Wednesday, September 27, 2023

The FAA has closed the Blue Origin New Shepard 23 mishap investigation. The final report cites the proximate cause of the Sept. 12, 2022, mishap as the structural failure of an engine nozzle caused by higher than expected engine operating temperatures. The FAA required Blue Origin implement 21 corrective actions to prevent mishap reoccurrence, including redesign of engine and nozzle components to improve structural performance during operation as well as organizational changes. 

During the mishap the onboard launch vehicle systems detected the anomaly, triggered an abort and separation of the capsule from the propulsion module as intended and shut down the engine. The capsule landed safety and the propulsion module was destroyed upon impact with the ground. All debris landed within the designated hazard area. Public safety was maintained at all times with no injuries or public property damage.

The closure of the mishap investigation does not signal an immediate resumption of New Shepard launches. Blue Origin must implement all corrective actions that impact public safety and receive a license modification from the FAA that addresses all safety and other applicable regulatory requirements prior to the next New Shepard launch.

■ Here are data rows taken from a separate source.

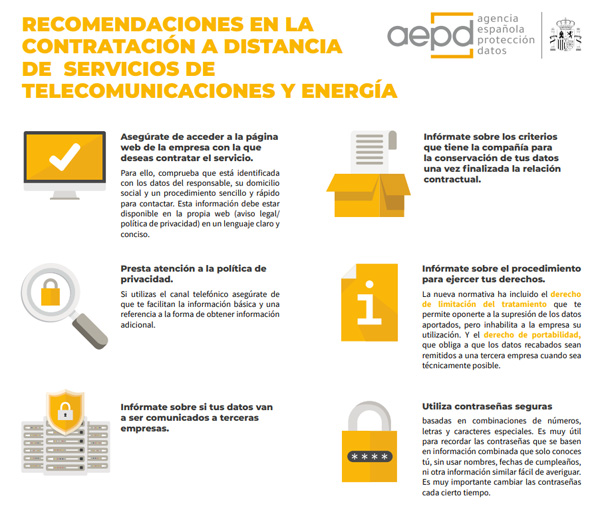 La Agencia Española de Protección de Datos (AEPD) ha publicado un ‘Plan de inspección de oficio sobre contratación a distancia en operadores de telecomunicaciones y comercializadores de energía’ en el que analiza los tratamientos de datos en estos sectores y su adecuación a la normativa de protección de datos desde la perspectiva de la acreditación de la identidad del contratante y de los servicios contratados.
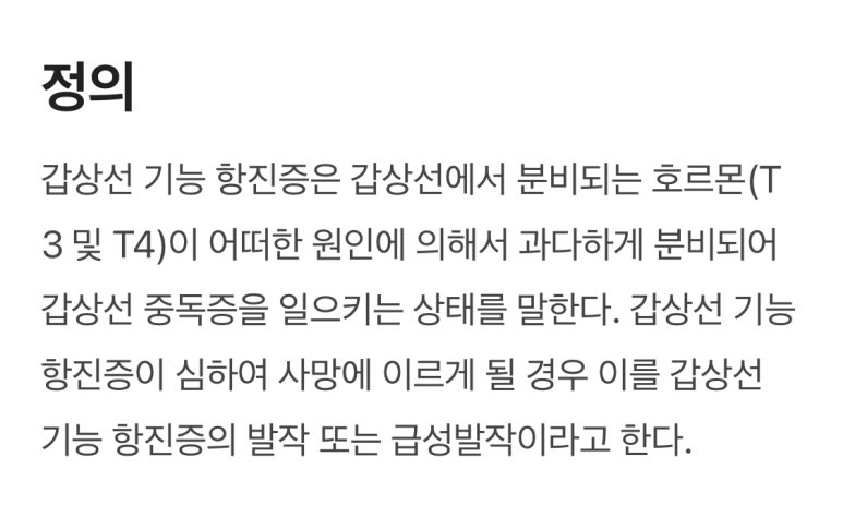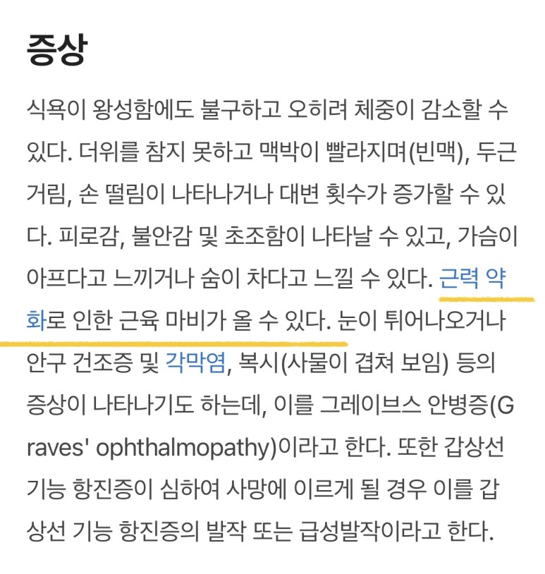 갑상선항진증에는 대표적으로 눈이 튀어나오는 증상만 알고 있는 분들이 많은데 근육마비 증상이 발생하기도 합니다. 근데 무서운 건…그 근력 저하가 다리가 아니라 심장 쪽으로 오시는 분들은 심장 근육이 마비되어 사망할 수도 있다고 합니다. 어떻게 보면 저는 운이 좋았습니다.
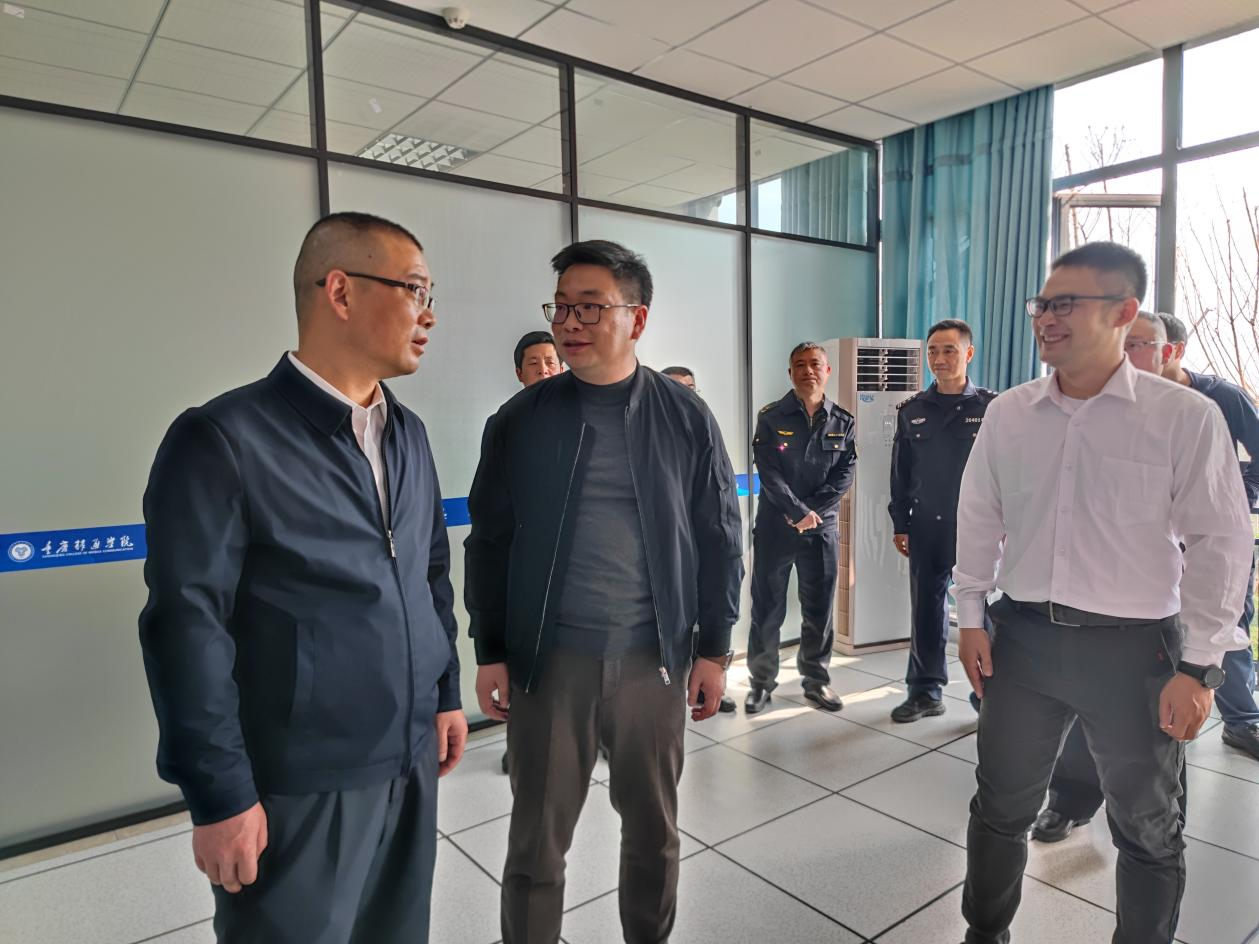在校区应急指挥中心,徐勇副区长一行详细了解了天眼系统、安防一体化布控及人员值班值守情况;同时强调,校园安全是重中之重,要加强设施设备的日常维护,推进校警联动,全力做好校园安全稳定工作。

Contact Blue Origin for additional information. Learn more about mishap investigations.

Background

The FAA oversaw the Blue Origin-led investigation to ensure the company complied with its FAA-approved mishap plan, the terms and conditions of its license and other regulatory requirements.
The FAA was involved in every step of the mishap investigation and granted NASA and the National Transportation Safety Board official observer status. 

The mishap investigation report contains proprietary data and U.S Export Control information and is not available for public release.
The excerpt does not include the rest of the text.